Il résulte de ces éléments que Monsieur [K] a détourné des actifs de la société Centre Ouest Goudronnage au profit de la société [T], et ne produit aucun élément permettant de justifier ces agissements.

C Le lien de causalité :

L'absence de déclaration de la cessation des paiements par la société Centre Ouest Goudronnage dans les délais légaux a eu pour conséquence que de nouvelles dettes sont intervenues entre le 15 février 2018 et le 29 janvier 2019, pour un montant de 89.085,04 euros (pièces 27 à 56 portant déclarations de créances et tableau récapitulatif en page 13 des conclusions de l'intimée). L'absence de déclaration de cessation des paiements a dès lors contribué à l'aggravation du passif.

L'absence de comptabilité, d'outils de gestion et de suivi de l'activité de la trésorerie n'a pas permis de connaître l'évolution réelle de la situation de la société. Cette faute de gestion a conduit à retarder la déclaration de l'état de cessation des paiements et a entraîné une augmentation du volume des dettes.

L'inobservation d'obligations fiscales et sociales à l'exception des cotisations et redevances d'assurance profitant personnellement au dirigeant, et le maintien de sa rémunération en dépit des difficultés économiques rencontrées par l'entreprise ont nécessairement contribué à l'accroissement du passif.

Les détournements d'actifs de la société Centre Ouest Goudronnage au profit de sociétés distinctes dans lesquelles l'appelant avait des intérêts personnel ont eux aussi augmenté le passif de la société en liquidation judiciaire.

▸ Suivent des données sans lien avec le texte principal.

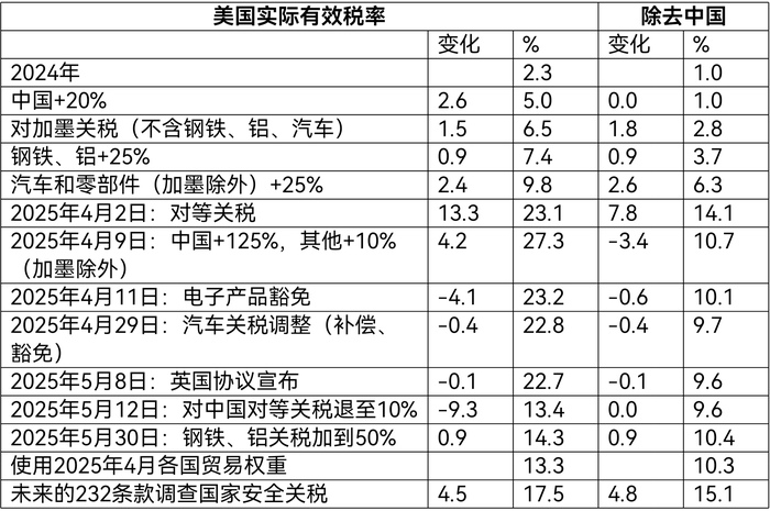 此次特朗普关税战看似来势汹汹,但分析师指出,实际威胁不及4月2日其首次宣布“对等关税”时。按照目前来看,未来美国平均有效关税税率大概率在15-16%的水平。
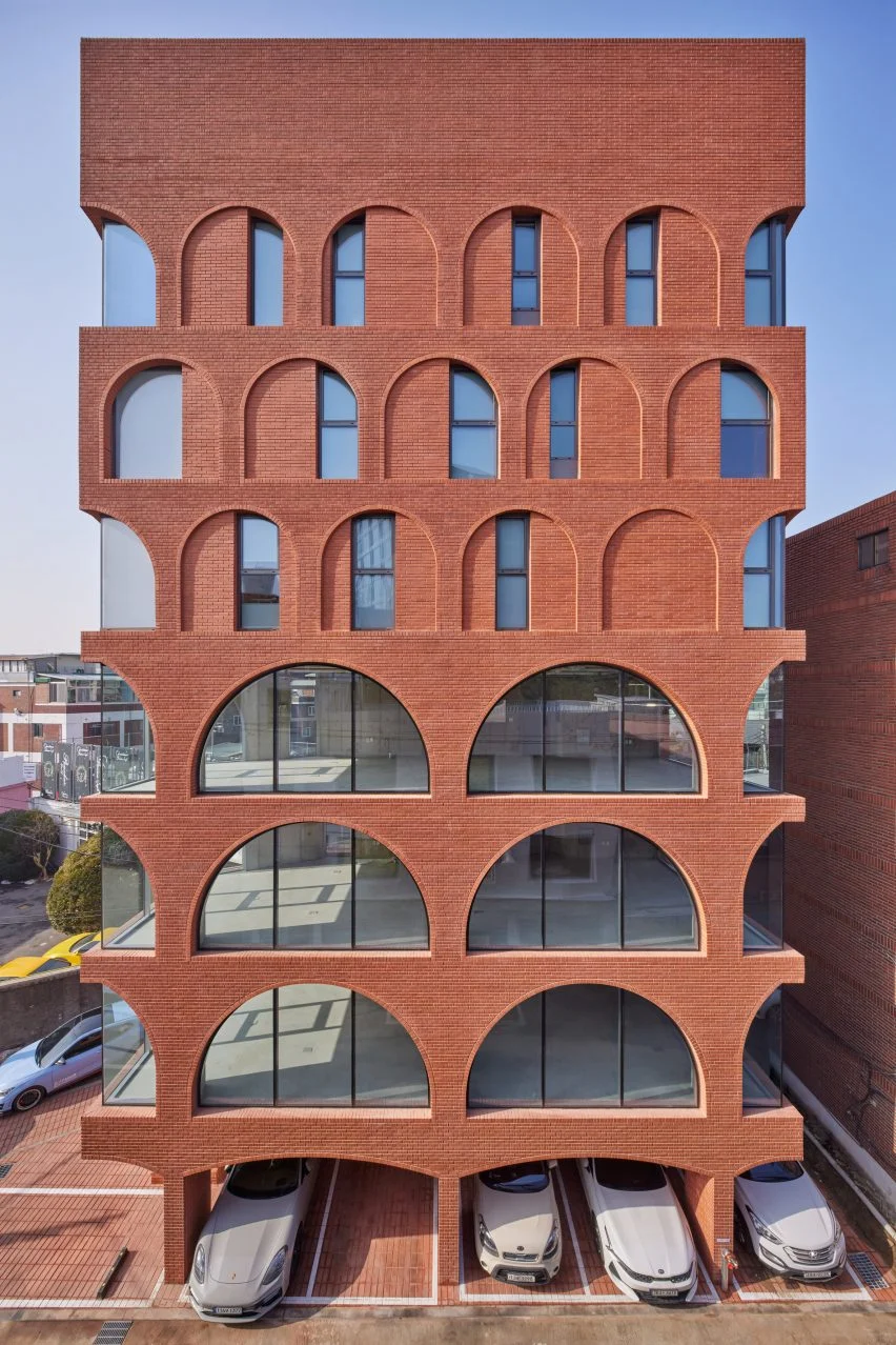 서울 성수동에 위치한 필로메 빌딩(Fillome Building)은 지역 스튜디오 소수 아키텍츠(Sosu Architects)가 설계한 복합용도 타워로, 빨간 벽돌 아치형 개구부가 외관을 생동감 있게 만들어줍니다. 이 건물은 세 개 층의 상업 공간과 세 개 층의 주거 공간을 결합하여 지하 주차 공간 위에 세워졌으며, 벽돌 필로티 구조로 구성되어 있습니다. 소수 아키텍츠는 성수동이 과거 공장과 창고 건물로 채워졌던 반산업 지역의 역사를 상기시키기 위해 이 지역의 상징적인 빨간 벽돌을 사용했습니다.

D Le montant de la condamnation :

En droit, le dirigeant d'une personne morale peut être condamné sur le fondement de l'article L651-2 du Code de commerce dès lors qu'il a commis une faute de gestion ayant contribué à l'insuffisance d'actif. La Chambre commerciale, de jurisprudence constante (v. notamment Com. 1er juillet 2020 n°19-11.849) précise que la condamnation du dirigeant ne peut excéder le montant de l'insuffisance d'actif à la date à laquelle la condamnation est prononcée. Par ailleurs, pour l'appréciation du montant, la Cour de cassation exige de prendre en compte la gravité et le nombre des fautes de gestion retenues ainsi que l'état du patrimoine du dirigeant, les facteurs économiques qui peuvent conduire à la défaillance des entreprises ainsi que les risques inhérents à leur exploitation (Chambre commerciale 9 mai 2018).

En l'espèce, l'insuffisance d'actif certaine s'élève à la somme de 282.414,18 euros. Compte tenu de la gravité des fautes de gestion, de leur nombre, de la recherche de l'intérêt personnel par le dirigeant au détriment de celui des créanciers ainsi que du caractère déloyal du comportement de Monsieur [K], la somme de 280.000 euros telle que retenue par les premiers juges n'est nullement disproportionnée et sera approuvée par la cour. Aucun des moyens développés par l'appelant ne justifie une réduction de ce montant.

La décision déférée sera confirmée de ce chef.

III Sur la faillite personnelle :

Le tribunal de commerce a prononcé à l'encontre de M. [K] une mesure de faillite personnelle d'une durée de 10 ans.

En droit, les articles L.653-3, L.653-4 et L.653-5 du code de commerce prévoient que la juridiction peut prononcer la faillite personnelle de toute personne mentionnée au 1° du I de l'article L.653-1 du code de commerce contre laquelle a été notamment relevé l'un des faits ci-après :

- avoir détourné, dissimulé l'actif ou augmenté frauduleusement le passif,

- avoir tenu une comptabilité irrégulière,

- avoir fait obstacle au bon déroulement de la procédure en s'abstenant volontairement de coopérer avec les organes de la procédure.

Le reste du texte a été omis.